━━━━━ Supplied records

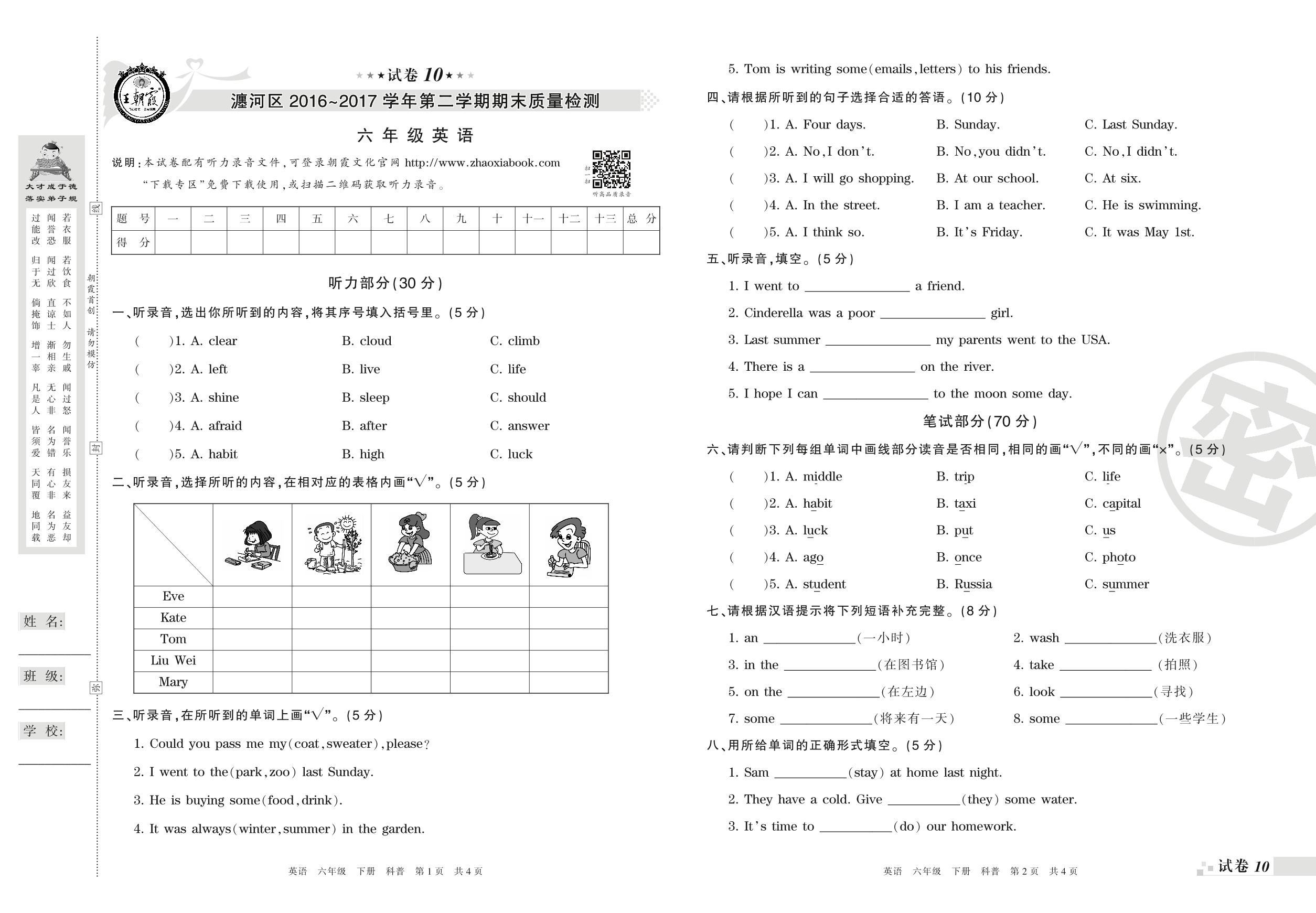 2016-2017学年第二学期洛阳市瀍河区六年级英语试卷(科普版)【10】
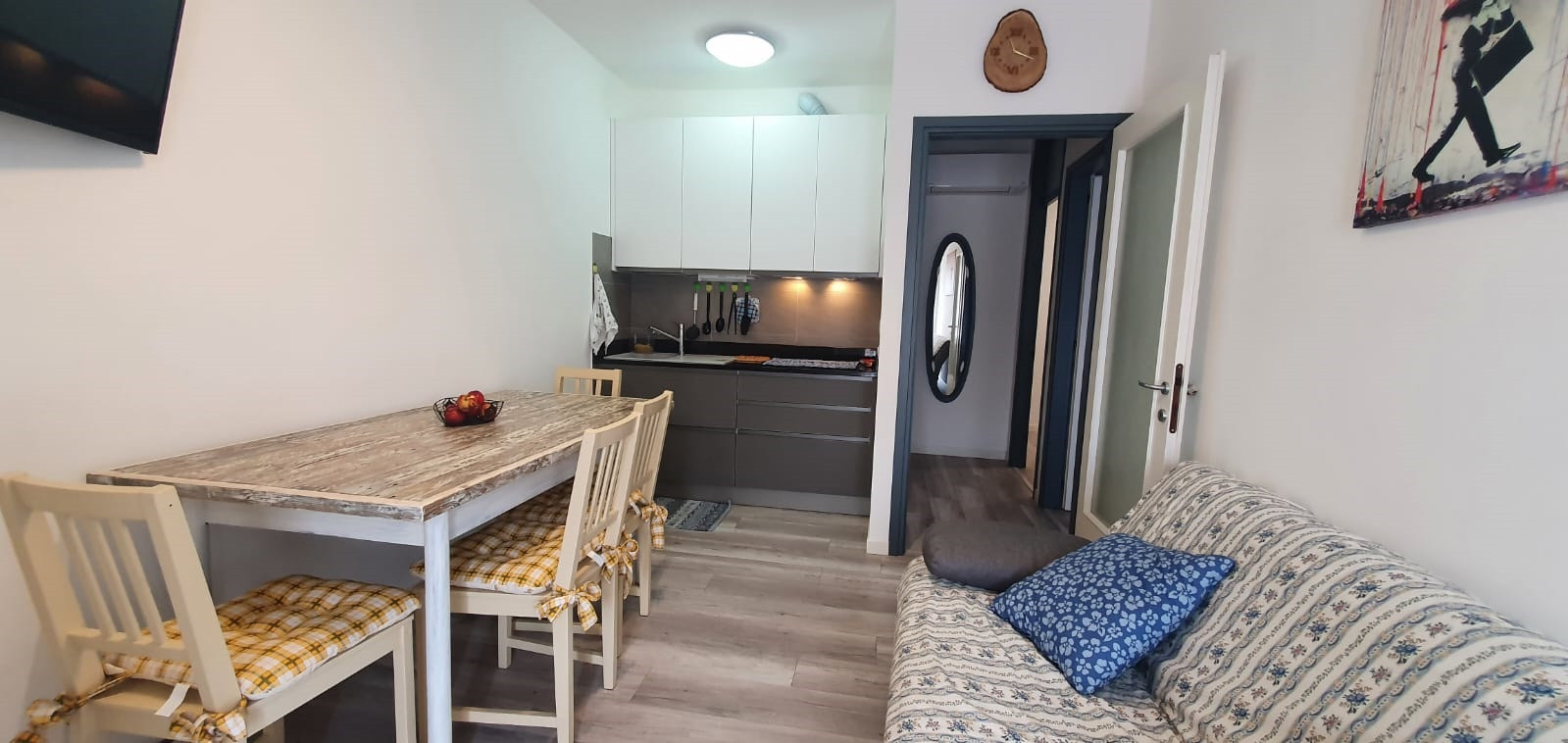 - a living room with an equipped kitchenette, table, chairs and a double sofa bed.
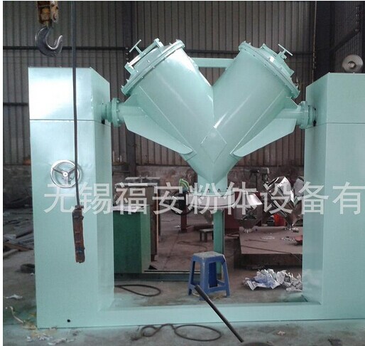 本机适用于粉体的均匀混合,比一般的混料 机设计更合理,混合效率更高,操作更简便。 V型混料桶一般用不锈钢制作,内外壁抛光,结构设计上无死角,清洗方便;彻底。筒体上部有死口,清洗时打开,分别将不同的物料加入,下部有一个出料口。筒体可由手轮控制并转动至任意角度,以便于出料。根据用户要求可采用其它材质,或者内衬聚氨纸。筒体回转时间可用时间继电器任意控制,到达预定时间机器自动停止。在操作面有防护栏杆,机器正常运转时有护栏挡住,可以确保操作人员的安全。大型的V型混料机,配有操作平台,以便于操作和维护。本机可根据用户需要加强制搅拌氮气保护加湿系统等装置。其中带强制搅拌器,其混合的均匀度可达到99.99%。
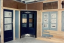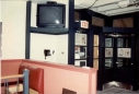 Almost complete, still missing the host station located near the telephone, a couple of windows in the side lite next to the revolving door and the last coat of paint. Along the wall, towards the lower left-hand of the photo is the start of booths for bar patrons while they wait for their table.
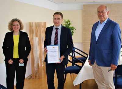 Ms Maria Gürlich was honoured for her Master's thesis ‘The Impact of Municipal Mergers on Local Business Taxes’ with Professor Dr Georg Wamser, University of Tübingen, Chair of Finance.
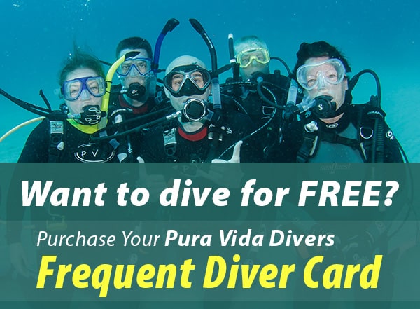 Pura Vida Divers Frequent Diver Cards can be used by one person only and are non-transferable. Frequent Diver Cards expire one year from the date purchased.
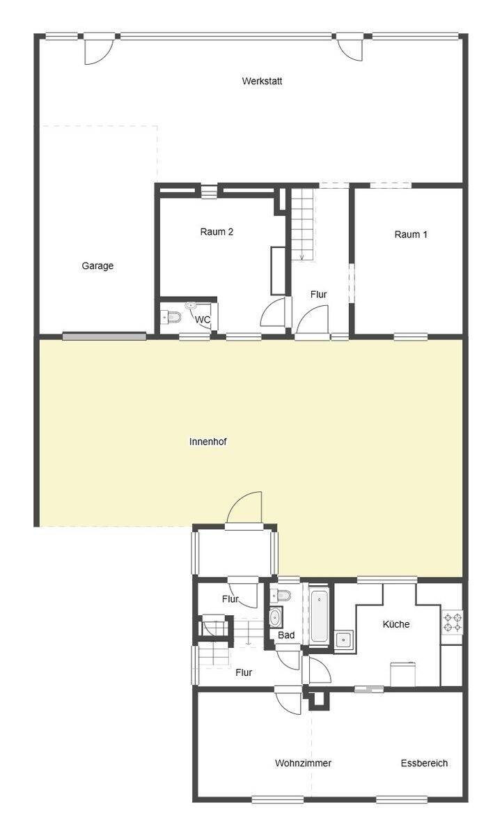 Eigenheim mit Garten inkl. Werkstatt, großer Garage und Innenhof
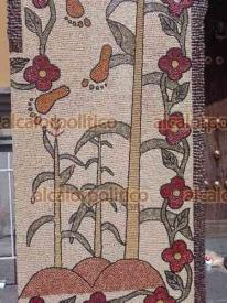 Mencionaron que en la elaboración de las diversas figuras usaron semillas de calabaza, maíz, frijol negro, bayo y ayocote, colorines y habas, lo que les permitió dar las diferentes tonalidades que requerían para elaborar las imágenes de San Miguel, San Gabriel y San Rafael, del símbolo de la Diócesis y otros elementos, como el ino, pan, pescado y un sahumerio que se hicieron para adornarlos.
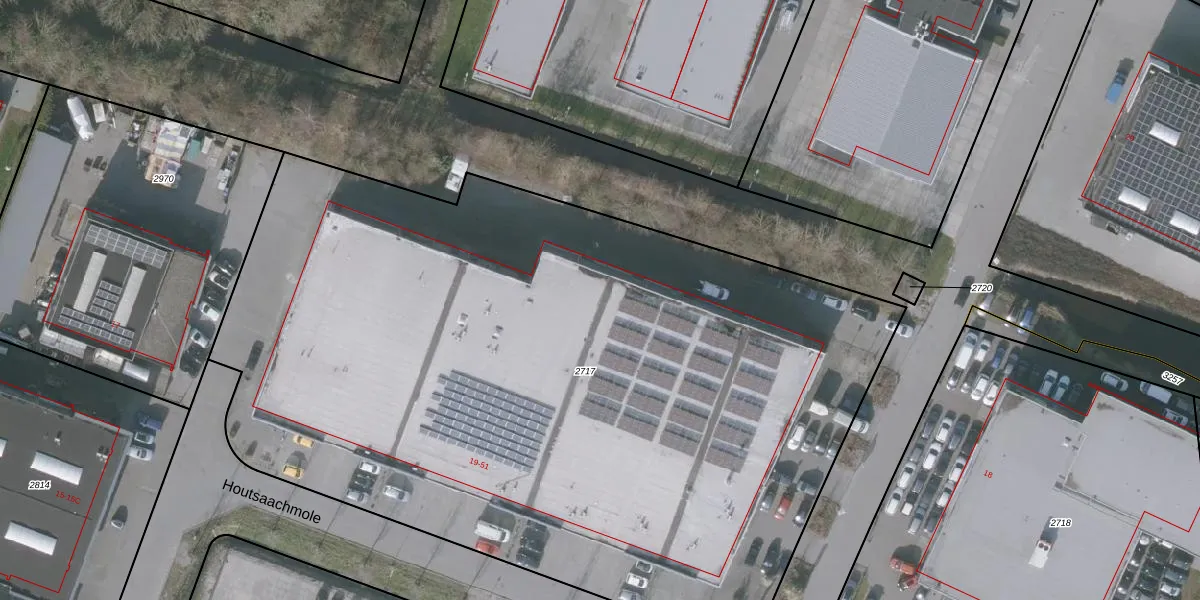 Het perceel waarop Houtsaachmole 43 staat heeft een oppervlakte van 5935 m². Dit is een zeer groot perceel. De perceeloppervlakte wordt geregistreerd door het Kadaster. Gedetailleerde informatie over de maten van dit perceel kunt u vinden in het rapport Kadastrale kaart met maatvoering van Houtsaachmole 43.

━━━━━━━━━━
━━━━━ Supplied records

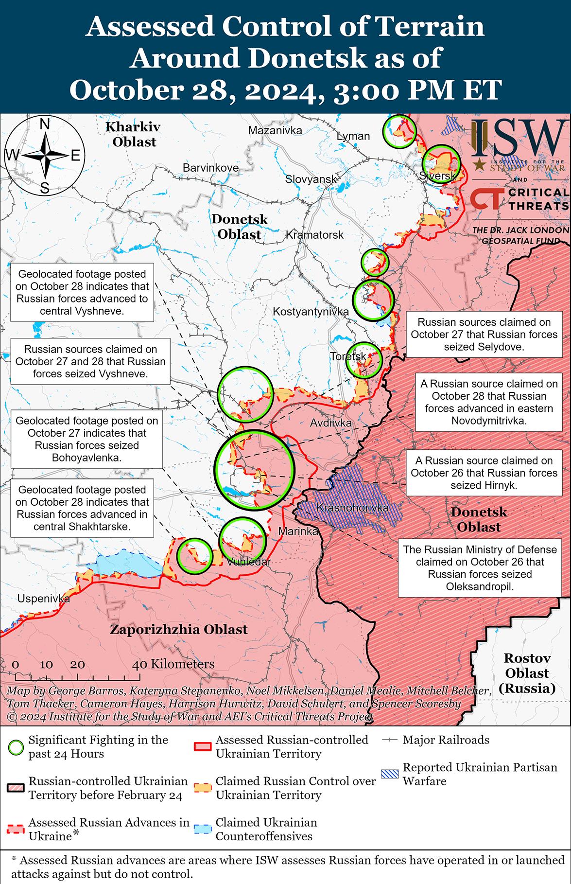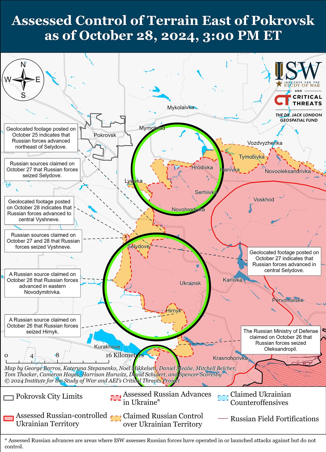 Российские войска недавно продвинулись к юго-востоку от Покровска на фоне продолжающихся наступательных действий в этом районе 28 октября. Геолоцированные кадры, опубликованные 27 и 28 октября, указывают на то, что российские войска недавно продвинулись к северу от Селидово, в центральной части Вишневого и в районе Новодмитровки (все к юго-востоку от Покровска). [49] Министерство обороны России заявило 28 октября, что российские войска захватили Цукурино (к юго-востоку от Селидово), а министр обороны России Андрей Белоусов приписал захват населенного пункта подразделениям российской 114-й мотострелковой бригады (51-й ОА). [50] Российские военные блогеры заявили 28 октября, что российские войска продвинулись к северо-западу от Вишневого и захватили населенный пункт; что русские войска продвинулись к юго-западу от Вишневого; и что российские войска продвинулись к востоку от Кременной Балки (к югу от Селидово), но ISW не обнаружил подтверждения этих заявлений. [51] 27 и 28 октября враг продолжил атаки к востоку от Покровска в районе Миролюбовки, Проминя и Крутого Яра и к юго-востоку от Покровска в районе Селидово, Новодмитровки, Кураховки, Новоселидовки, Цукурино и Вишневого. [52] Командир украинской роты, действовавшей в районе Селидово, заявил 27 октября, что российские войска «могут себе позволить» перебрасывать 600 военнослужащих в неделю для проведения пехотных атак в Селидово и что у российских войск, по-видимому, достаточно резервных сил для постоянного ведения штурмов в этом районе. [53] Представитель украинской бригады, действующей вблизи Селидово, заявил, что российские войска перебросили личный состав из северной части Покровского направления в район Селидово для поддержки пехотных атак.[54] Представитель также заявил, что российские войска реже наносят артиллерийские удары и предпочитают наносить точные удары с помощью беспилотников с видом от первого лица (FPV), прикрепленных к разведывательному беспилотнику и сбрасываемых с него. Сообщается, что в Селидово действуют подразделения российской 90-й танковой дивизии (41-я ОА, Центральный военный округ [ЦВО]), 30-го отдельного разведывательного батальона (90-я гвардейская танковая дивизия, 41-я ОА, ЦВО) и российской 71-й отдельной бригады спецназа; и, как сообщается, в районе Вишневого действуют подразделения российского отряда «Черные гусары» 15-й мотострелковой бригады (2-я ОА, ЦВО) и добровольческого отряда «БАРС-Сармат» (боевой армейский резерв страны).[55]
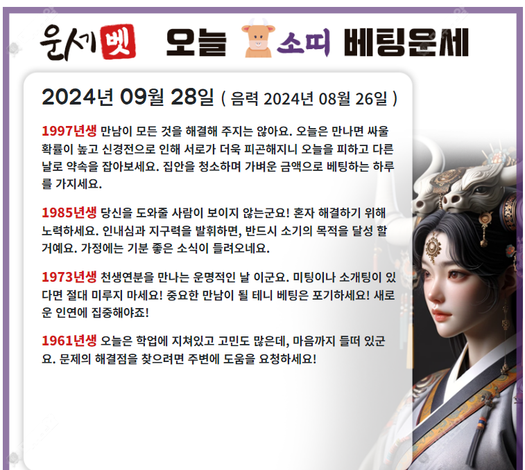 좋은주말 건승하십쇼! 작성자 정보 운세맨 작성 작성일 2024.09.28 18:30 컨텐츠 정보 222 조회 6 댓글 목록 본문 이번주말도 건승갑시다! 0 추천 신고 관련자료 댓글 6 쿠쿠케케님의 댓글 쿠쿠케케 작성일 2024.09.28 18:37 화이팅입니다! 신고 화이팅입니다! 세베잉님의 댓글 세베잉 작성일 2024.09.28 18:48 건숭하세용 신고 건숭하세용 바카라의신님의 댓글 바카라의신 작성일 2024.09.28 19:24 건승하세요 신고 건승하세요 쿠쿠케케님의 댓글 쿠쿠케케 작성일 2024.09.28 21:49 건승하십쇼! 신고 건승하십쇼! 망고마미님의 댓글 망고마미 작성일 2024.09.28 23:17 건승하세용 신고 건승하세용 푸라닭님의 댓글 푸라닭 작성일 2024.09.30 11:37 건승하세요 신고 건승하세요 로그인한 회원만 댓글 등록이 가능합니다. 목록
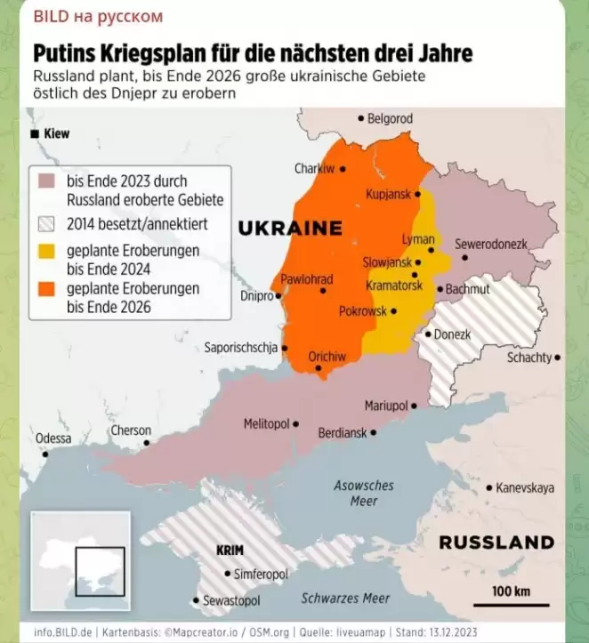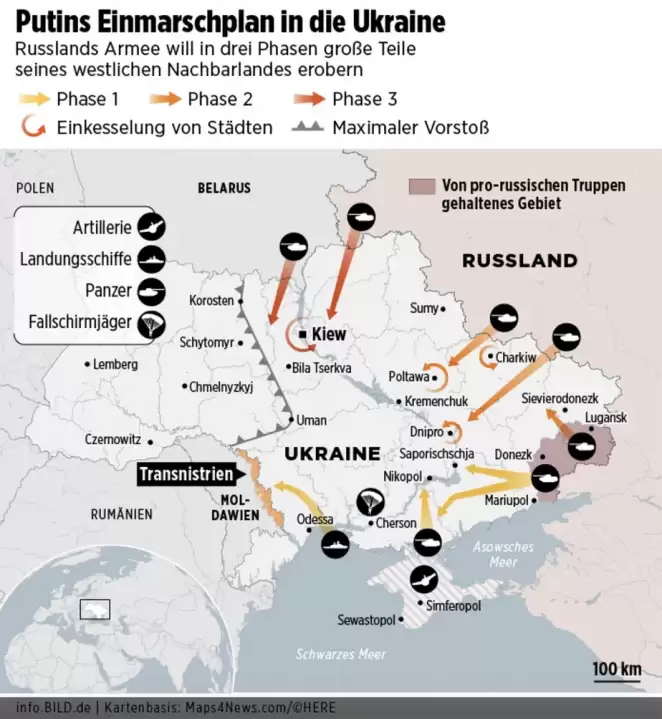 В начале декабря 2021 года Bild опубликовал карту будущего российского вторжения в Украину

━━━━━━━━━━

Aim of the exercise:
Above are the records; restate exactly the lines from the one containing "Mencionaron que en" through the one containing "Het perceel waarop", keeping pictures out.

Result below:
 Mencionaron que en la elaboración de las diversas figuras usaron semillas de calabaza, maíz, frijol negro, bayo y ayocote, colorines y habas, lo que les permitió dar las diferentes tonalidades que requerían para elaborar las imágenes de San Miguel, San Gabriel y San Rafael, del símbolo de la Diócesis y otros elementos, como el ino, pan, pescado y un sahumerio que se hicieron para adornarlos.
 Het perceel waarop Houtsaachmole 43 staat heeft een oppervlakte van 5935 m². Dit is een zeer groot perceel. De perceeloppervlakte wordt geregistreerd door het Kadaster. Gedetailleerde informatie over de maten van dit perceel kunt u vinden in het rapport Kadastrale kaart met maatvoering van Houtsaachmole 43.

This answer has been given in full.